The impact of local and climate change drivers on the formation, dynamics, and potential recurrence of a massive fish-killing microalgal bloom in Patagonian fjord

Resumen: Harmful algal blooms (HABs) in southern Chile are a serious threat to public health, tourism, artisanal fisheries, and aquaculture in this region. Ichthyotoxic HAB species have recently become a major annual threat to the Chilean salmon farming industry, due to their severe economic impacts. In early austral autumn 2021, an intense bloom of the raphidophyte Heterosigma akashiwo was detected in Comau Fjord, Chilean Patagonia, resulting in a high mortality of farmed salmon (nearly 6000 tons of biomass) within 15 days. H. akashiwo cells were first detected at the head of the fjord on March 16, 2021 (up to 478 cells mL−1). On March 31, the cell density at the surface had reached a maximum of 2 × 105 cells mL−1, with intense brown spots visible on the water surface. Strong and persistent high-pressure anomalies over the southern tip of South America, consistent with the positive phase of the Southern Annular Mode (SAM), resulted in extremely dry conditions, high solar radiation, and strong southerly winds.

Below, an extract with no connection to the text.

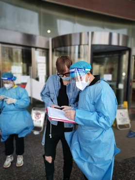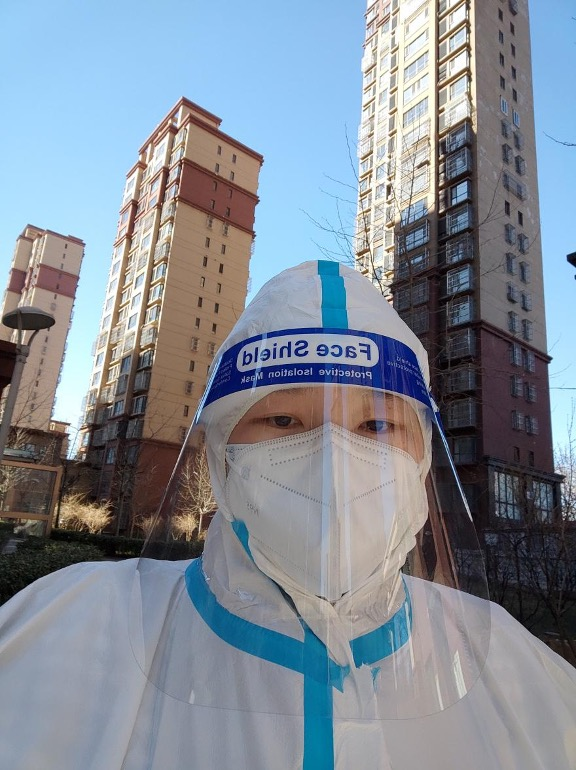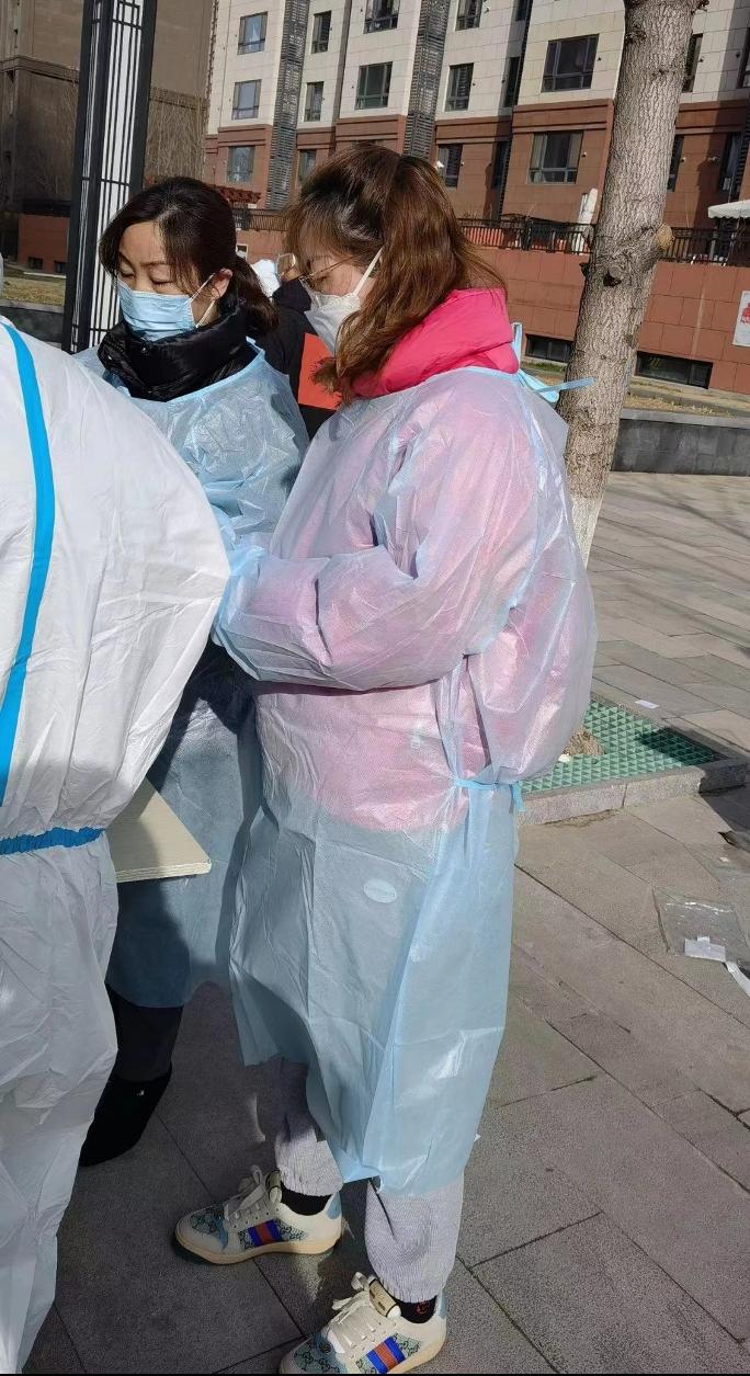 “第一次穿上防护服的我,心里也是有些紧张的,但是看到义无反顾的医务人员,我变得坚定且充满力量。虽然防护服有些闷热,双层的口罩让呼吸不那么顺畅,双层的手套勒的手指微微发麻,但当我看到敲开的门里一个个隔着口罩的微笑,感受到居民的积极配合与理解时,内心被温暖和感动填满了。”李慧笑着说。

A coupling of these features with the high water retention times inside the fjord can explain the spatial-temporal dynamics of this bloom event. Other factors, such as the internal local physical uplift process (favored by the north-to-south orientation of the fjord), salt-fingering events, and the uplift of subantarctic deep-water renewal, likely resulted in the injection of nutrients into the euphotic layer, which in turn could have promoted cell growth and thus high microalgal cell densities, such as reached by the bloom.